De bedoelde voorschriften zijn opgenomen in het Besluit Informatiebeheer.

Artikel 10

De wet draagt de archivaris het beheer van de archiefbewaarplaats op, maar schept geen regeling ten aanzien van documentaire verzamelingen. Dit artikel draagt het beheer van de uit cultureel en historisch oogpunt gevormde documentaire verzamelingen eveneens op aan de archivaris.

Artikel 15

De ontwikkelingen op het gebied van de moderne informatietechnologie hebben in de wet geleid tot een gewijzigde definitie van de term 'archiefbescheiden'. De wetgever heeft - binnen de formele betekenis van het begrip archiefbescheiden - bedoeld onder deze term alle op enigerlei wijze vastgelegde informatie te begrijpen, inclusief die welke slechts via informatietechnologie opgevraagd kan worden. Ondanks de ruimere betekenis van 'archiefbescheiden' kan de materie veelal met de traditionele bepalingen worden geregeld, zij het dat sommige begrippen een andere, ruimere inhoud hebben gekregen. Dat heeft onder andere gevolgen voor een term als 'beheer'. Zo zal het voor het toezicht op het beheer van machineleesbare gegevensbestanden niet meer voldoende zijn dat toegang tot de ruimte is verzekerd. De formulering betreffende de noodzakelijke medewerking is ontleend aan de artikelen 52 van de Algemene wet inzake rijksbelastingen en 45 van de Wet persoonsregistraties.

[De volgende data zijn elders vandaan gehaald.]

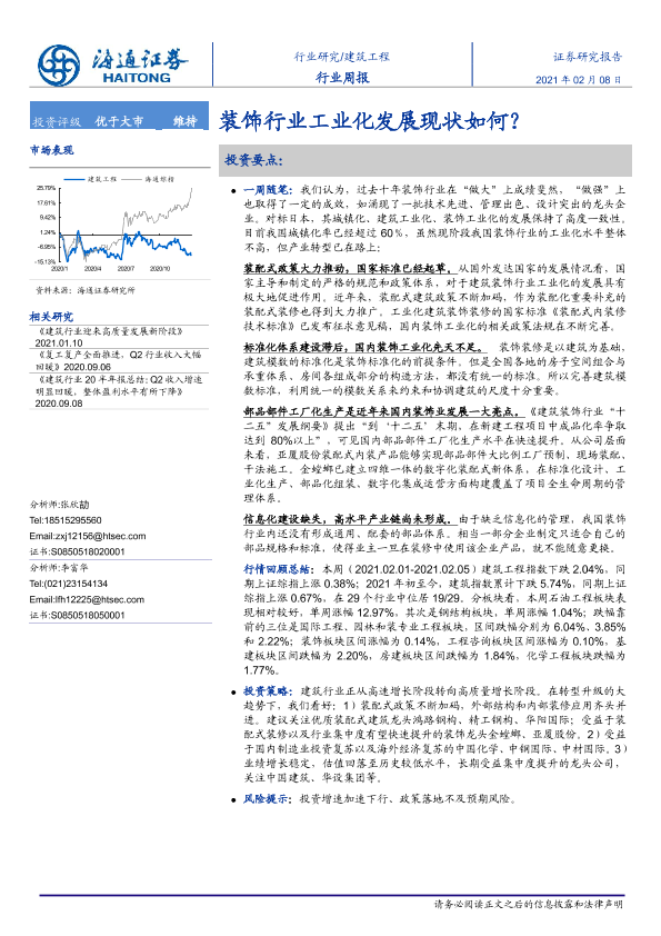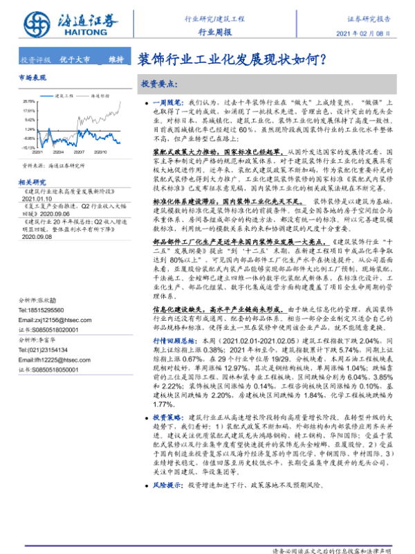 【海通证券】【20210208】建筑工程行业周报:装饰行业工业化发展现状如何-6页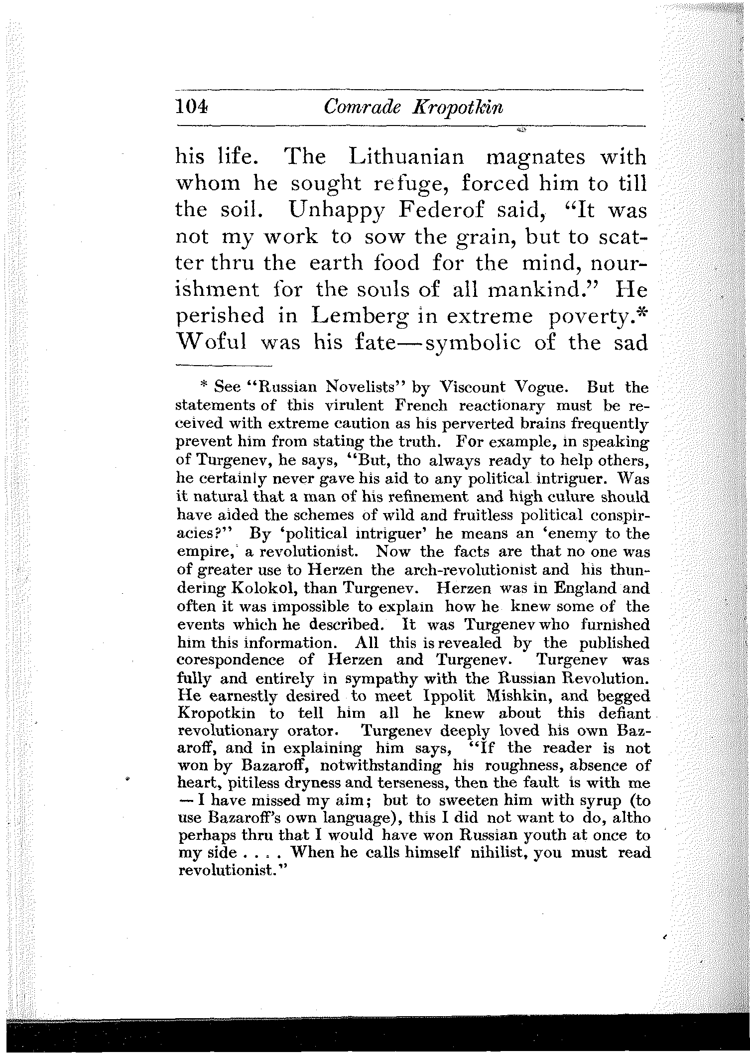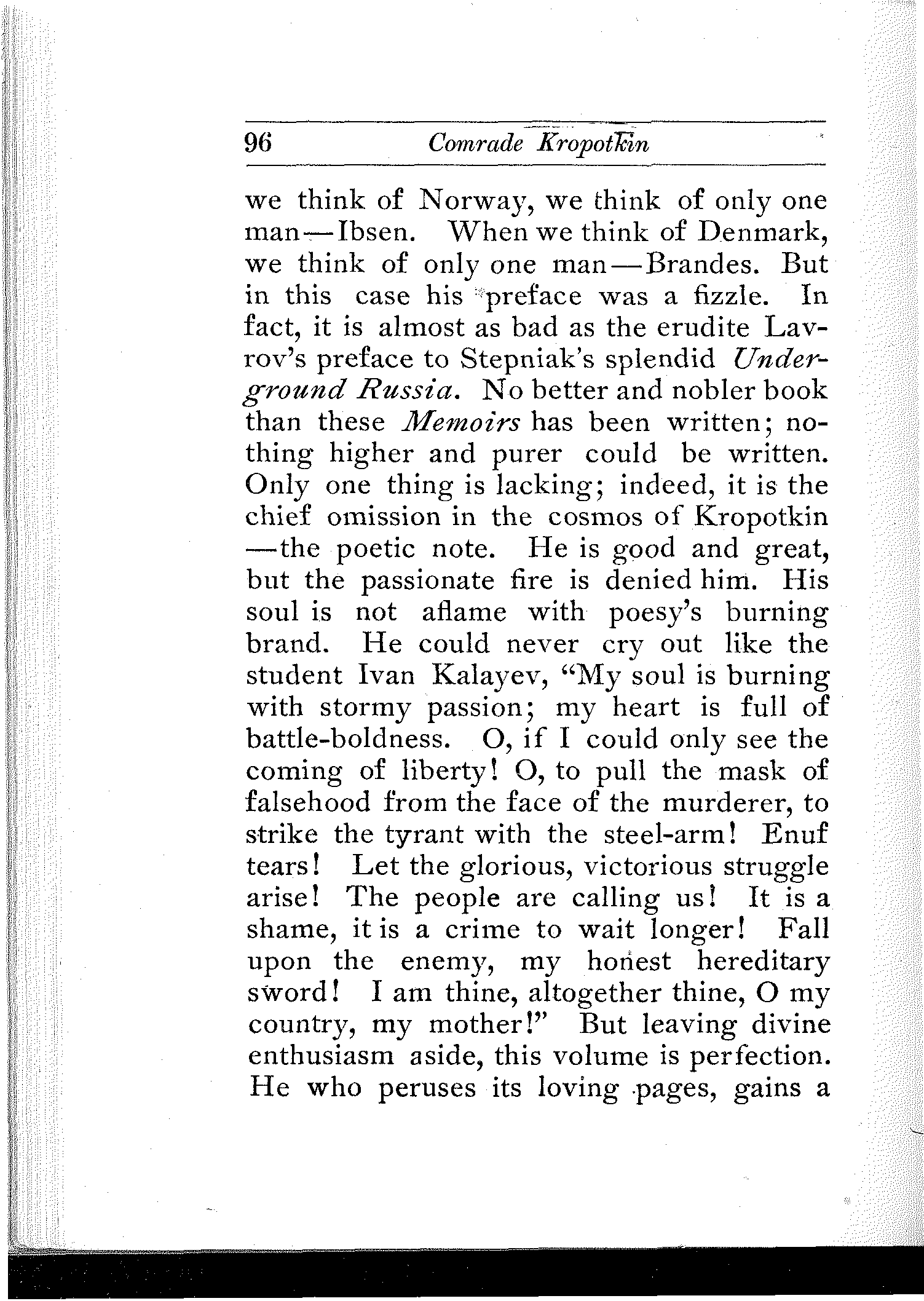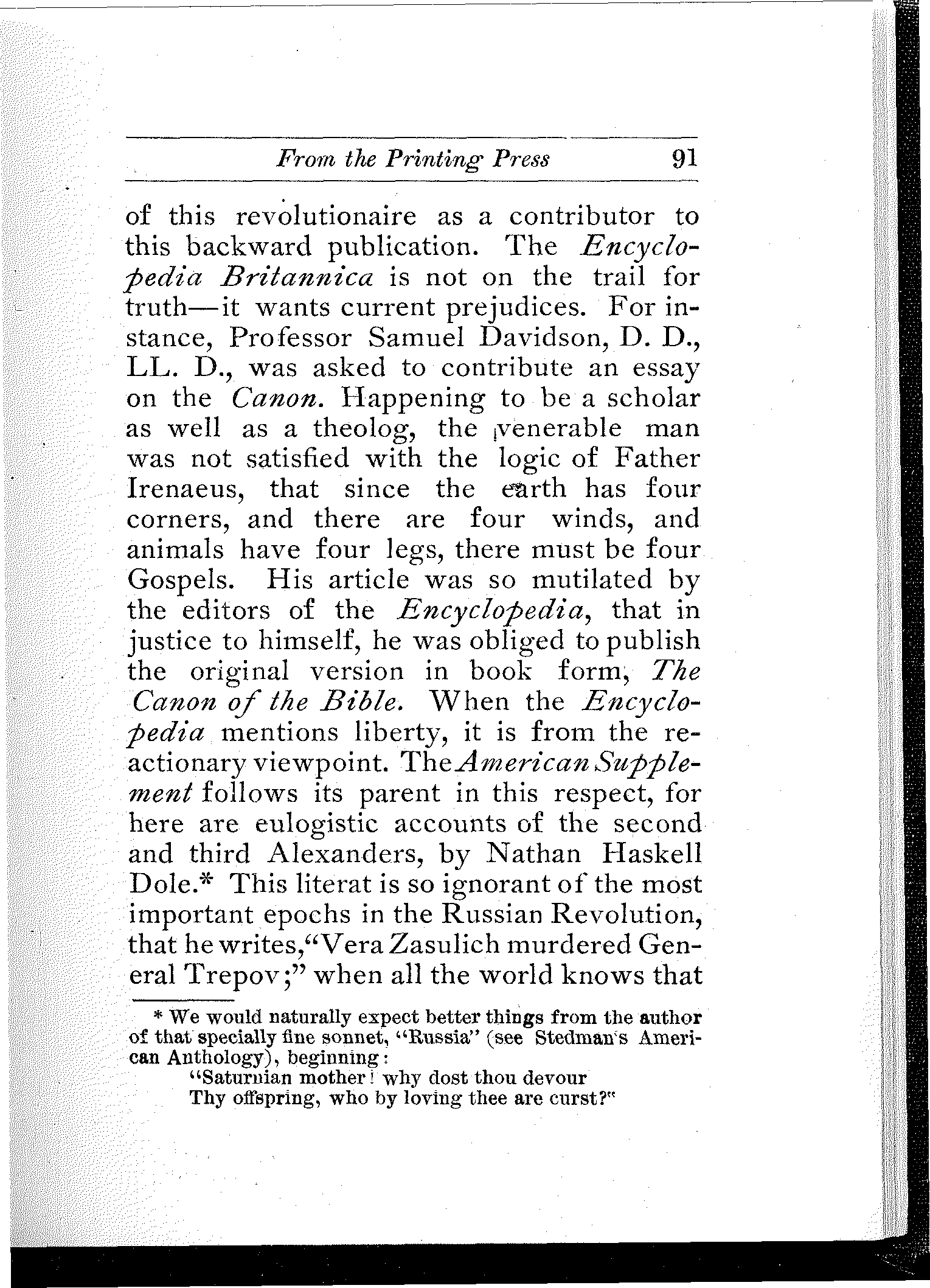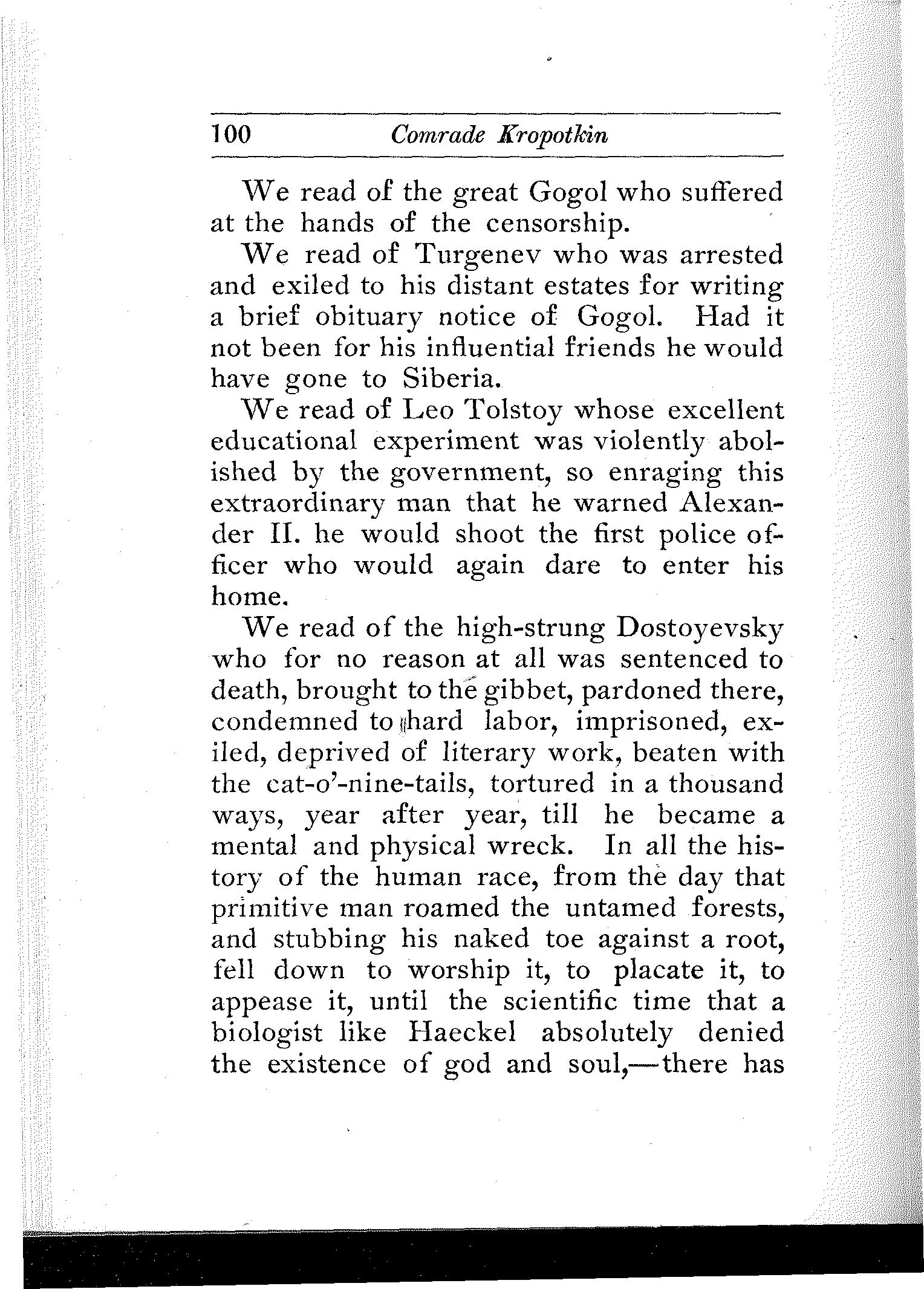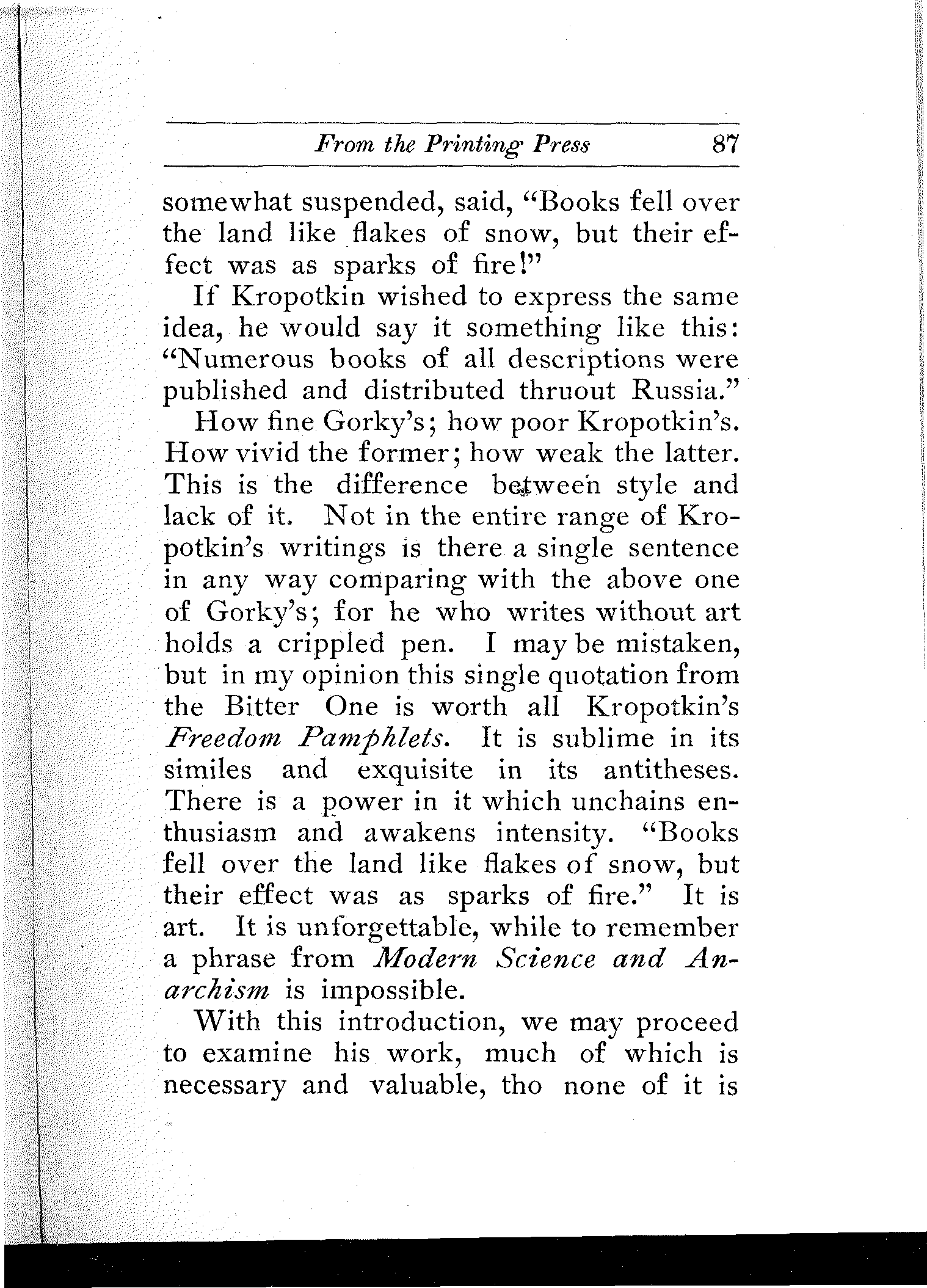 A remarkable commentary on the conditions in Russia is the fact that he who studies them carefully and thoroly, be he the gentlest and sweetest youth who would not harm a fly or tread on a worm, becomes saturated with the conviction that in Russia, the rebel's bomb and pistol and dagger are not only legitimate and necessary, but even noble weapons of defense and offense.

Artikel 17 van het Archiefbesluit 1995 regelt op overeenkomstige wijze het door de algemene rijksarchivaris uit te oefenen toezicht op de rijks- en andere overheidsorganen.

Artikel 17

Slechts die aspecten van de uitoefening van het archiefbeheer zijn hier vermeld, die bij constatering achteraf tot onevenredig hoge kosten zouden kunnen leiden, of die ernstige schade voor het behoud dan wel de openbaarheid van de archiefbescheiden en de rechtszekerheid van de burger tot gevolg zouden hebben.